**Exercise instructions**
What is needed is an exact copy of the listing, with no pictures in it.

* * * * * * * * *

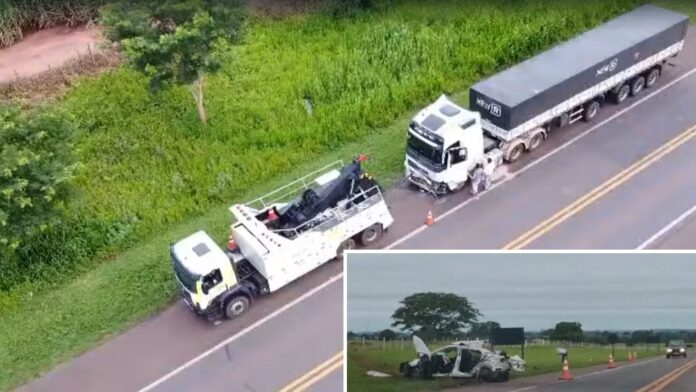 Segundo a Polícia Rodoviária, um carro bateu na traseira de outro automóvel ao tentar uma ultrapassagem. Na sequência, esse mesmo carro derrapou sobre a pista, invadiu a pista contrária e atingiu o caminhão que seguia no sentido oposto.
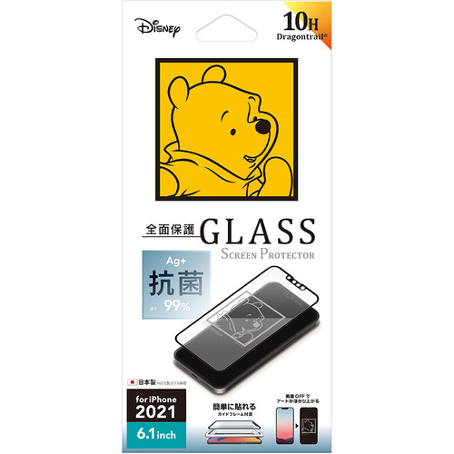 PGA PG-DGL21K04POO iPhone 13/13 Pro用 抗菌液晶全面保護ガラス Premium Style くまのプーさん
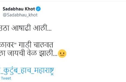 'उठा उठा आषाढी आली, 'स्वबळावर' गाडी चालवत पंढरीला जायची वेळ आली', सदाभाऊ खोतांची खोचक टीका
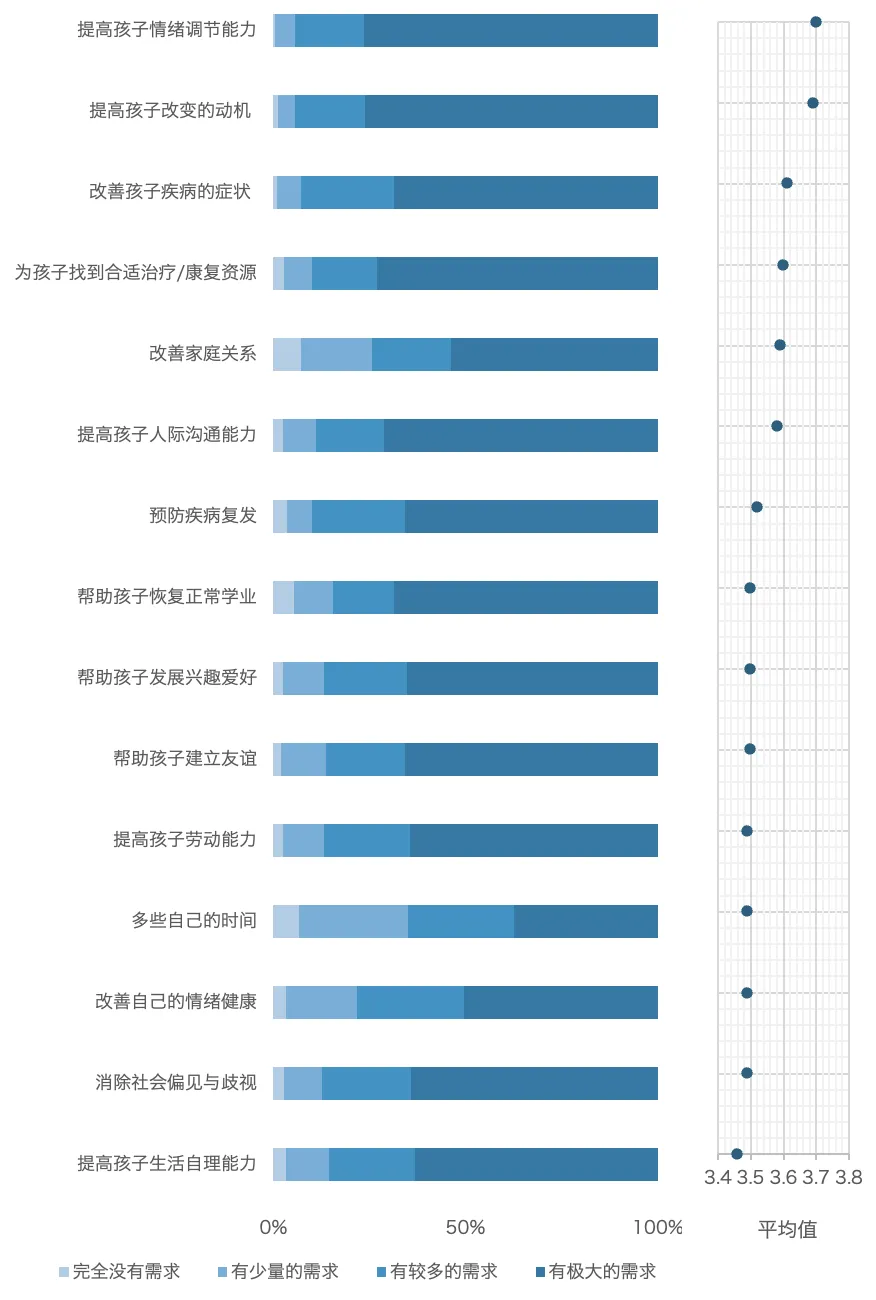 具体来看,得分最高的前五项需求依次为:提高孩子情绪调节能力、提高孩子改变动机、改善孩子疾病症状、为孩子找到合适治疗/康复资源、改善家庭关系,表明照顾者当前最迫切的关注点集中在孩子的能力提升与问题缓解层面,同时也反映了照顾者期待家庭内部关系得到修复与改善。
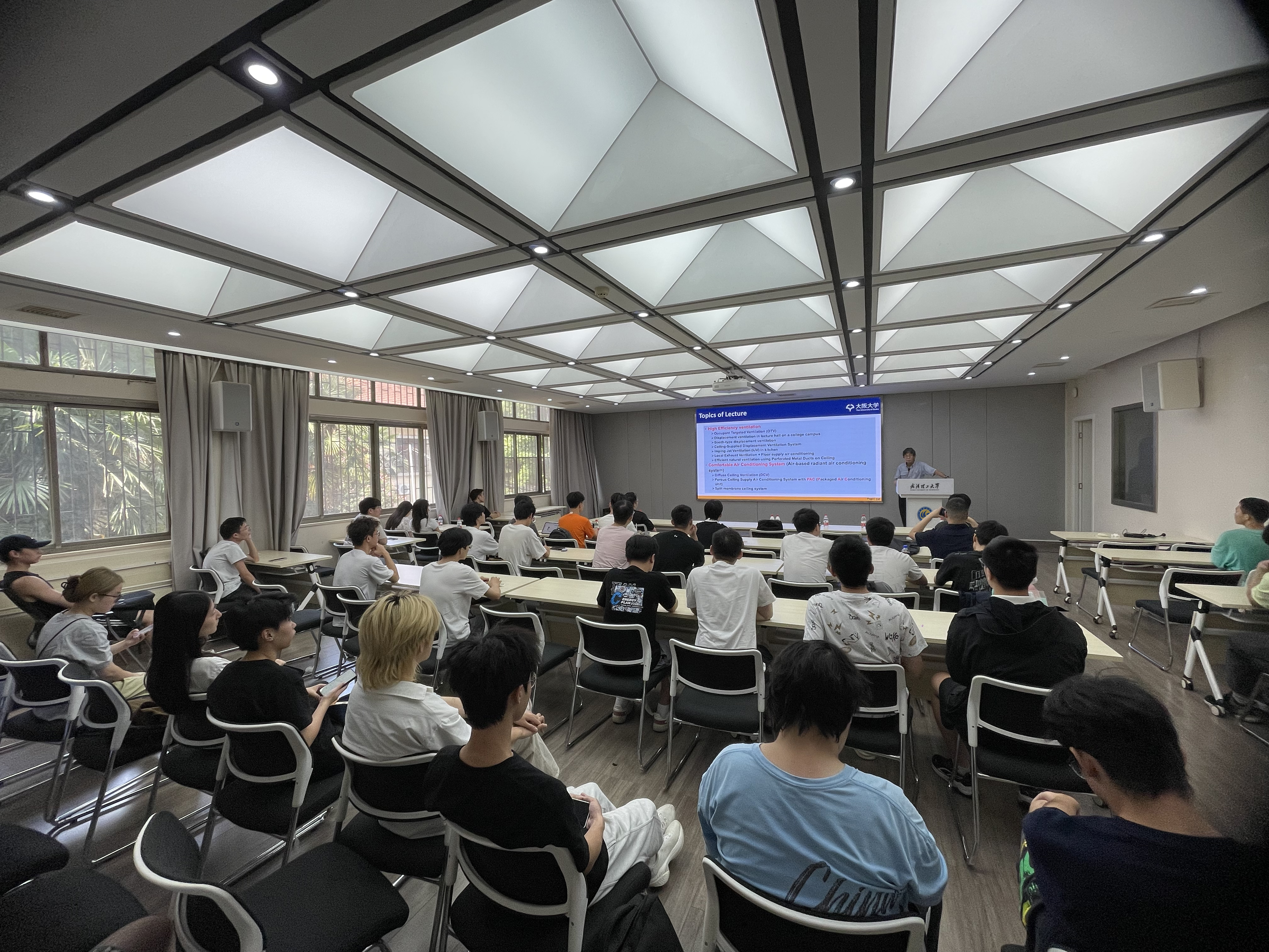 2025年7月13日,日本大阪大学山中俊夫名誉教授、小林知广教授、大阪公立大学袁继辉副教授,应邀做客马房山,在西院图书馆报告厅以《次世代人居环境技术》为题开展学术报告会,并于会后参观了南湖风洞实验中心与大学生创新创业中心。除课题组成员外,本次活动还吸引了土建、汽车、艺设、机电、信息、文法等近 10 个专业的学生,以及建环系、建筑学系教师,共50余人参与交流。

* * * * * * * * *

**Task solution**
 Segundo a Polícia Rodoviária, um carro bateu na traseira de outro automóvel ao tentar uma ultrapassagem. Na sequência, esse mesmo carro derrapou sobre a pista, invadiu a pista contrária e atingiu o caminhão que seguia no sentido oposto.
 PGA PG-DGL21K04POO iPhone 13/13 Pro用 抗菌液晶全面保護ガラス Premium Style くまのプーさん
 'उठा उठा आषाढी आली, 'स्वबळावर' गाडी चालवत पंढरीला जायची वेळ आली', सदाभाऊ खोतांची खोचक टीका
 具体来看,得分最高的前五项需求依次为:提高孩子情绪调节能力、提高孩子改变动机、改善孩子疾病症状、为孩子找到合适治疗/康复资源、改善家庭关系,表明照顾者当前最迫切的关注点集中在孩子的能力提升与问题缓解层面,同时也反映了照顾者期待家庭内部关系得到修复与改善。
 2025年7月13日,日本大阪大学山中俊夫名誉教授、小林知广教授、大阪公立大学袁继辉副教授,应邀做客马房山,在西院图书馆报告厅以《次世代人居环境技术》为题开展学术报告会,并于会后参观了南湖风洞实验中心与大学生创新创业中心。除课题组成员外,本次活动还吸引了土建、汽车、艺设、机电、信息、文法等近 10 个专业的学生,以及建环系、建筑学系教师,共50余人参与交流。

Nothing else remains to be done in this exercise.